"Go on, men," said the Major. "Get up to the top at any rate!" The squadron toiled forward, the horses wagging their tails and the men pulling at the bridles, the stones rolling down the hillside and the sparks flying. Lieutenant Halley declares that he never heard a squadron make so much noise in his life. They scrambled up, he said, as though each horse had eight legs and a spare horse to follow him. Even then there was no sound from the watch-tower, and the men stopped exhausted on the ridge that overlooked the pit of darkness in which the village of Bersund lay. Girths were loosed, curb-chains shifted, and saddles adjusted, and the men dropped down among the stones. Whatever might happen now, they held the upper ground of any attack.
The thunder ceased, and with it the rain, and the soft thick darkness of a winter night before the dawn covered them all.
Except for the sound of falling water among the ravines below, everything was still. They heard the shutter of the watch-tower below them thrown back with a clang, and the voice of the watcher calling, "Oh, Hafiz Ullah!"The echoes took up the call, "La-la-la!" and an answer came from the watch-tower hidden round the curve of the hill, "What is it, Shahbaz Khan?"Shahbaz Khan replied in the high-pitched voice of the mountaineer:
"Hast thou seen?"
The answer came back: "Yes. God deliver us from all evil spirits!

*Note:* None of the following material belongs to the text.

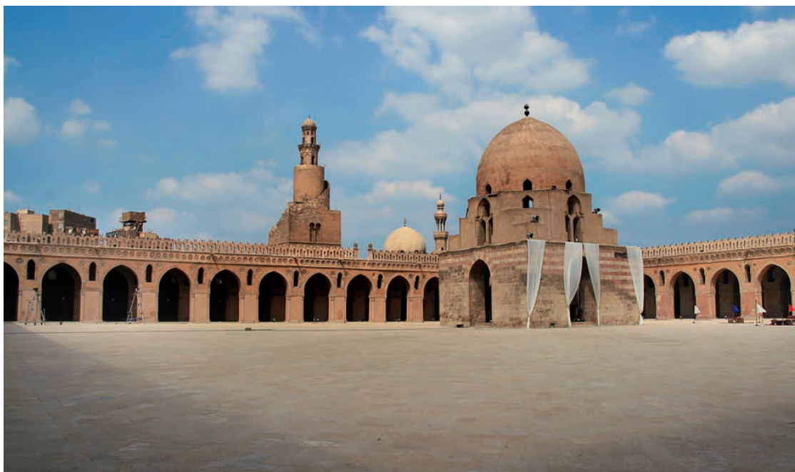
Fig. 6: The Mosque of Ibn Tulun in Cairo (Egypt), built between 262 A.H. / 876 C.E. and 265 A.H. / 879 C.E. with the Mamluk ablution fountain of the 7 th century A.H. / late 13 th century C.E.

There was a pause, and then: "Hafiz Ullah, I am alone! Come to me.""Shahbaz Khan, I am alone also; but I dare not leave my post!""That is a lie; thou art afraid."
A longer pause followed, and then: "I am afraid. Be silent! They are below us still. Pray to God and sleep."The troopers listened and wondered, for they could not understand what save earth and stone could lie below the watch-towers.
Shahbaz Khan began to call again: "They are below us. I can see them! For the pity of God come over to me, Hafiz Ullah! My father slew ten of them. Come over!"Hafiz Ullah answered in a very loud voice, "Mine was guiltless.
Hear, ye Men of the Night, neither my father nor my blood had any part in that sin. Bear thou thine own punishment, Shahbaz Khan.""Oh, some one ought to stop those two chaps crowing away like cocks there," said the Lieutenant, shivering under his rock.
He had hardly turned round to expose a new side of him to the rain before a bearded, long-locked, evil-smelling Afghan rushed up the hill, and tumbled into his arms. Halley sat upon him, and thrust as much of a sword-hilt as could be spared down the man's gullet.
"If you cry out, I kill you," he said cheerfully.
The man was beyond any expression of terror. He lay and quaked, gasping. When Halley took the sword-hilt from between his teeth, he was still inarticulate, but clung to Halley's arm, feeling it from elbow to wrist.
"The Rissala! The dead Rissala! " he gasped, "It is down there!""No; the Rissala, the very much alive Rissala. It is up here,"said Halley, unshipping his watering-bridle and fastening the man's hands. "Why were you in the towers so foolish as to let us pass?""The valley is full of the dead," said the Afghan. "It is better to fall into the hands of the English than the hands of the dead.